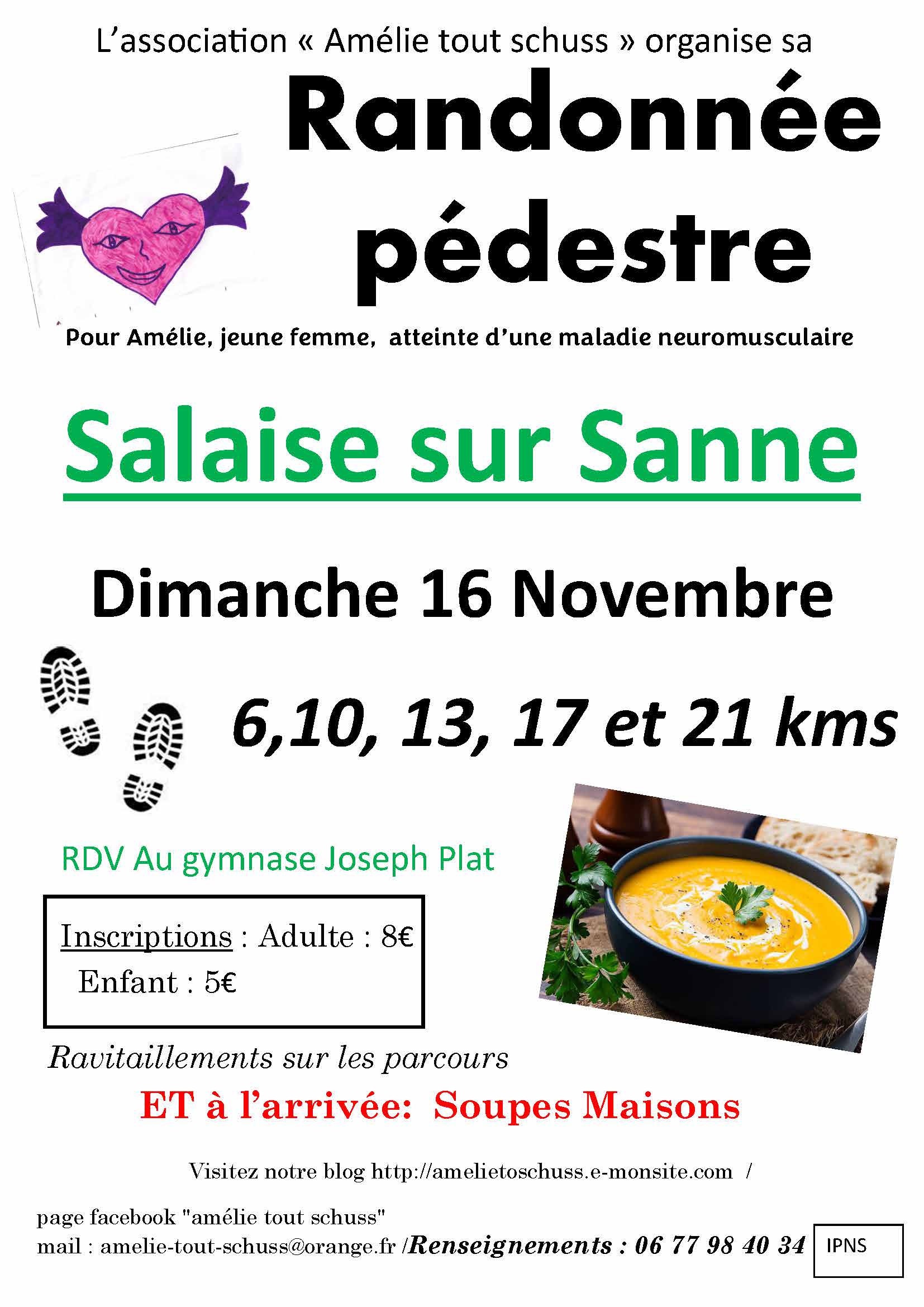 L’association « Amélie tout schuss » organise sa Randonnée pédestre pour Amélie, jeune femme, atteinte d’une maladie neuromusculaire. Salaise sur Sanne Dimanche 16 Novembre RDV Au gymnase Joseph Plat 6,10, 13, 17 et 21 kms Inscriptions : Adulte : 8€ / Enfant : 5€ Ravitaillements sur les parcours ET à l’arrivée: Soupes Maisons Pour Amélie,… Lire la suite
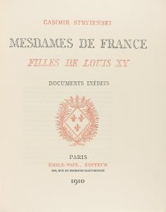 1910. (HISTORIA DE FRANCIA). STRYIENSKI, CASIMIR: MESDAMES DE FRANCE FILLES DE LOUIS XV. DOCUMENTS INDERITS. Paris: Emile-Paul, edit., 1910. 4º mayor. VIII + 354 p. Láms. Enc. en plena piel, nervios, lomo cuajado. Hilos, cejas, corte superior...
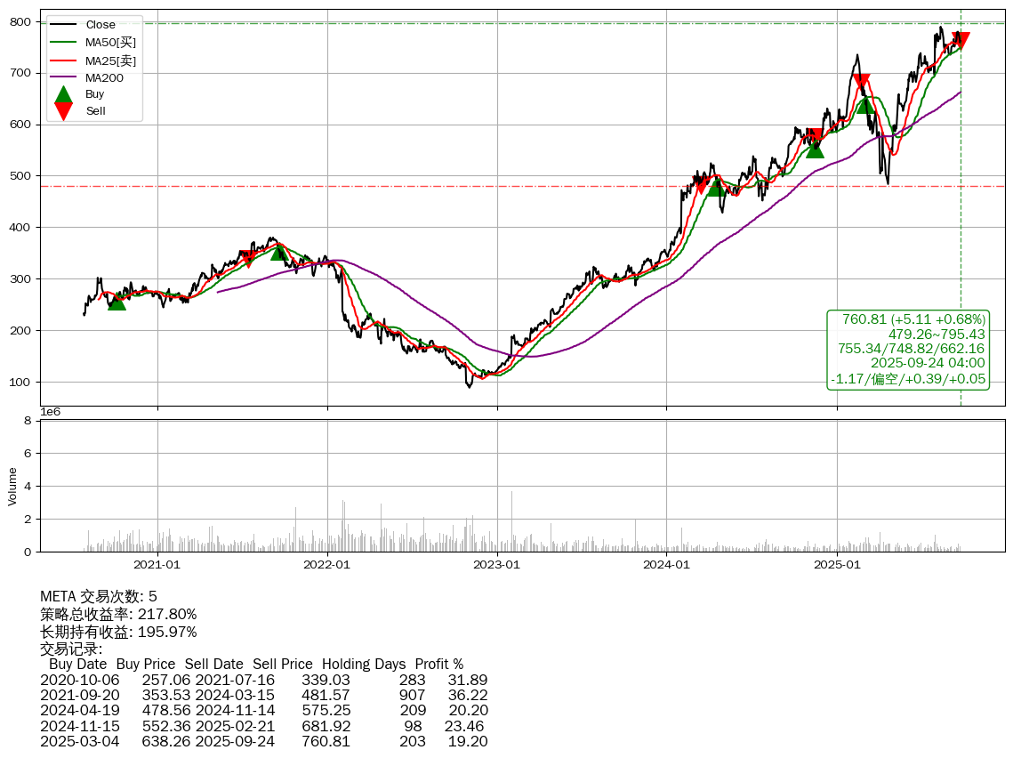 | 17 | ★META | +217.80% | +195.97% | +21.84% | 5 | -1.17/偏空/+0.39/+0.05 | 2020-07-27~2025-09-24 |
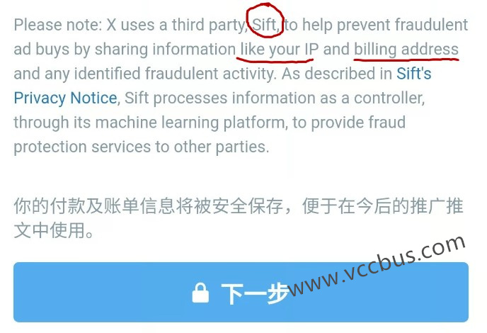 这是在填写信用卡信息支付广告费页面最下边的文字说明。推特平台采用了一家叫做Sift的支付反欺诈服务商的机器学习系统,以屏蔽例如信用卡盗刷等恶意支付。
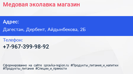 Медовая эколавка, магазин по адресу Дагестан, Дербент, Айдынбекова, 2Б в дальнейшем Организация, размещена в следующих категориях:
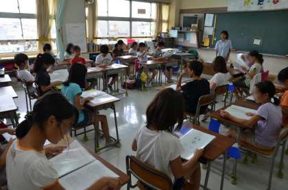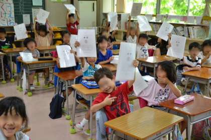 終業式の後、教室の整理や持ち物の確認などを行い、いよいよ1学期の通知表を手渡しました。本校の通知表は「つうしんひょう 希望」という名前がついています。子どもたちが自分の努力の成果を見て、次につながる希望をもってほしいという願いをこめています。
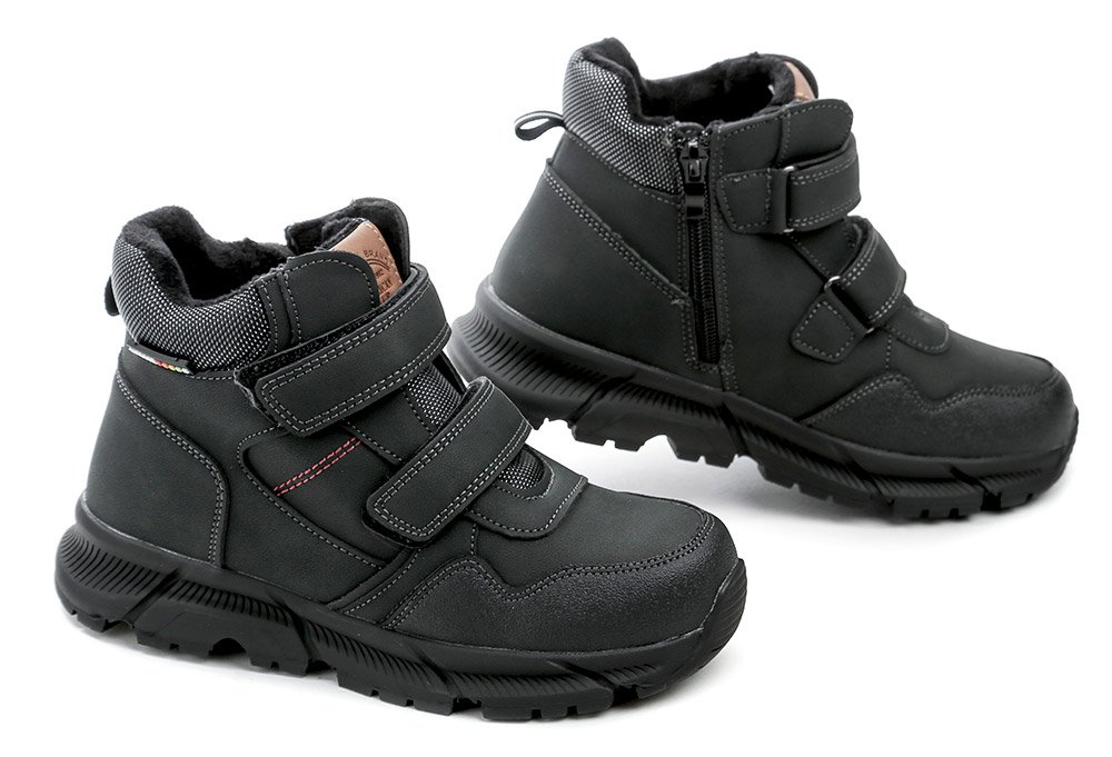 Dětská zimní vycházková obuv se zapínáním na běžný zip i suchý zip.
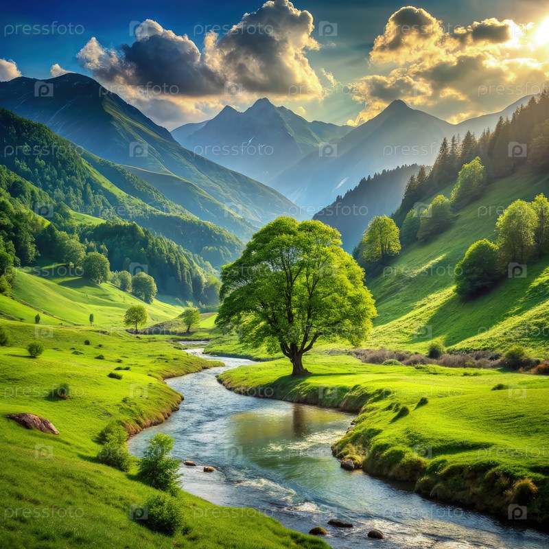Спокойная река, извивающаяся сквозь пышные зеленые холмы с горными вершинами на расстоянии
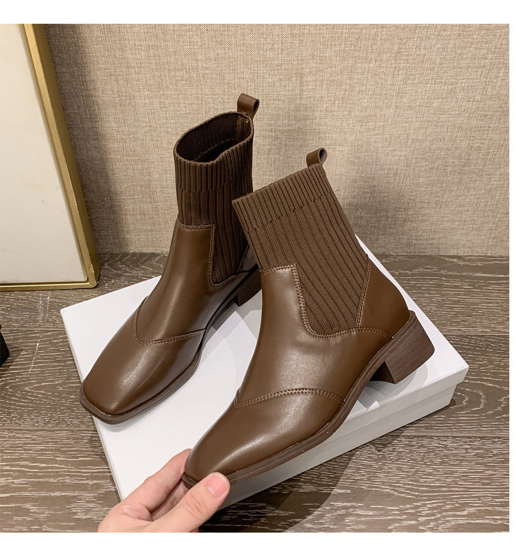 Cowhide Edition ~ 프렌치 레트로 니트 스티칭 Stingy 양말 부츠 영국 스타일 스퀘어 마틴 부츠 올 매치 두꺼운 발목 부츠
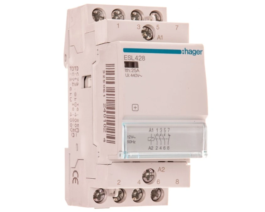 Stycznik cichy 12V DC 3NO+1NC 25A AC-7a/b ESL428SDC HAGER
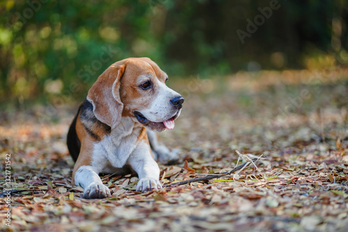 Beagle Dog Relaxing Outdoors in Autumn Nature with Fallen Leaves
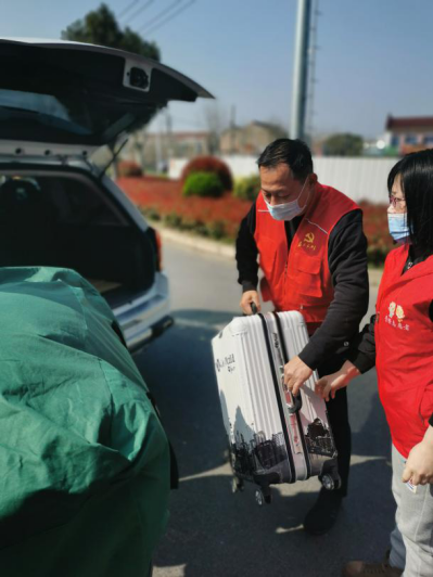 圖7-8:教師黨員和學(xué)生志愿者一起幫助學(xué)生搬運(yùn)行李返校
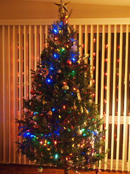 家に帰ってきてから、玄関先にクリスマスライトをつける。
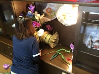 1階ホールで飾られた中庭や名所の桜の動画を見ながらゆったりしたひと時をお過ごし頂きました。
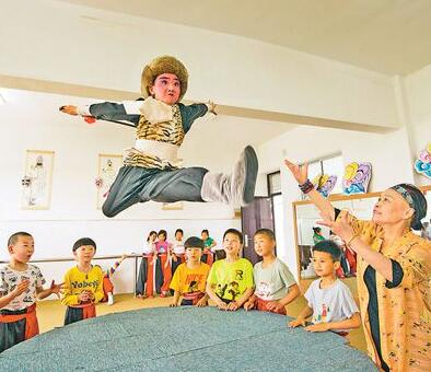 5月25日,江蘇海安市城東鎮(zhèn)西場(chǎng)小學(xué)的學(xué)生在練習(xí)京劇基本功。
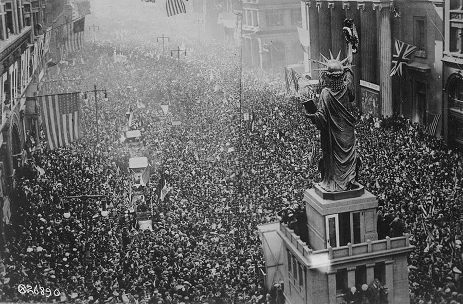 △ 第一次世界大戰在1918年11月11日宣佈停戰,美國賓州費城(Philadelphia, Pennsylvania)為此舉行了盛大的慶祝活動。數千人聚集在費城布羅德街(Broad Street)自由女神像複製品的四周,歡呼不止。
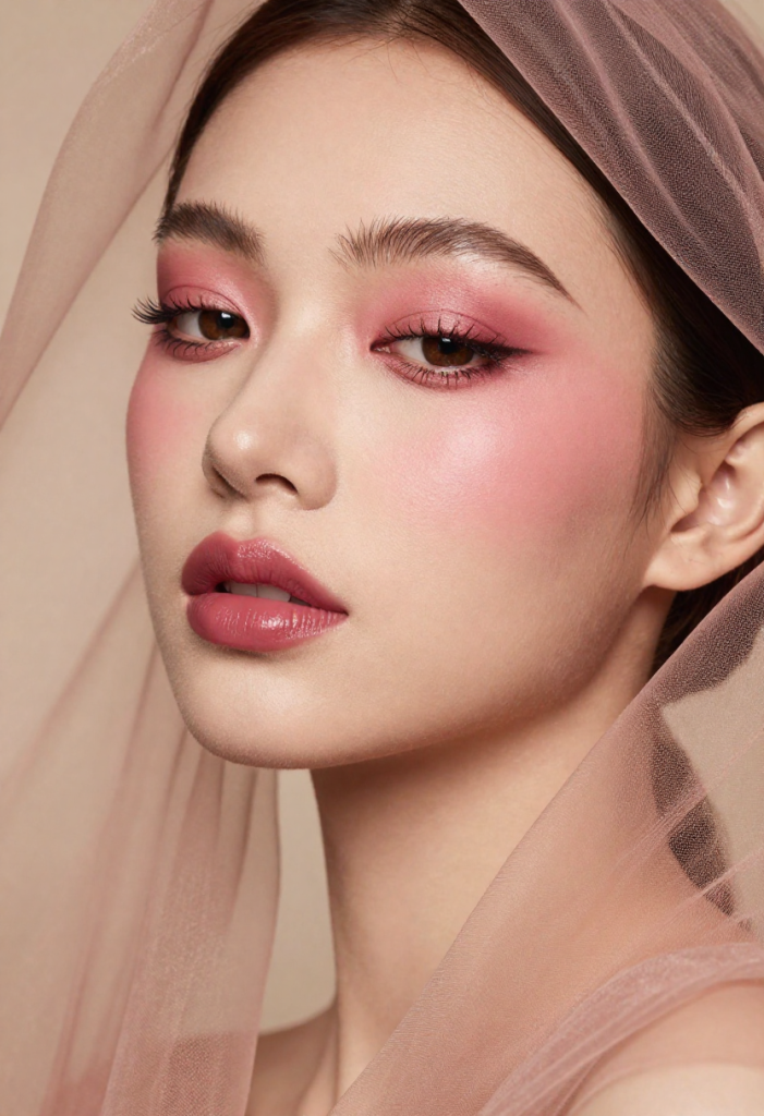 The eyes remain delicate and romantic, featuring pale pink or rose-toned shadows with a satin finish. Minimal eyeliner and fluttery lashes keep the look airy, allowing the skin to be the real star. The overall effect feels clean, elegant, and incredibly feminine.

# Exercise details
Starting from the line that has "圖7-8:教師黨員和學(xu" and ending at the last line of the material above, every line should be output exactly; pictures are dropped and nothing else appears.

# Task result
 圖7-8:教師黨員和學(xué)生志愿者一起幫助學(xué)生搬運(yùn)行李返校
 家に帰ってきてから、玄関先にクリスマスライトをつける。
 1階ホールで飾られた中庭や名所の桜の動画を見ながらゆったりしたひと時をお過ごし頂きました。
 5月25日,江蘇海安市城東鎮(zhèn)西場(chǎng)小學(xué)的學(xué)生在練習(xí)京劇基本功。
 △ 第一次世界大戰在1918年11月11日宣佈停戰,美國賓州費城(Philadelphia, Pennsylvania)為此舉行了盛大的慶祝活動。數千人聚集在費城布羅德街(Broad Street)自由女神像複製品的四周,歡呼不止。
 The eyes remain delicate and romantic, featuring pale pink or rose-toned shadows with a satin finish. Minimal eyeliner and fluttery lashes keep the look airy, allowing the skin to be the real star. The overall effect feels clean, elegant, and incredibly feminine.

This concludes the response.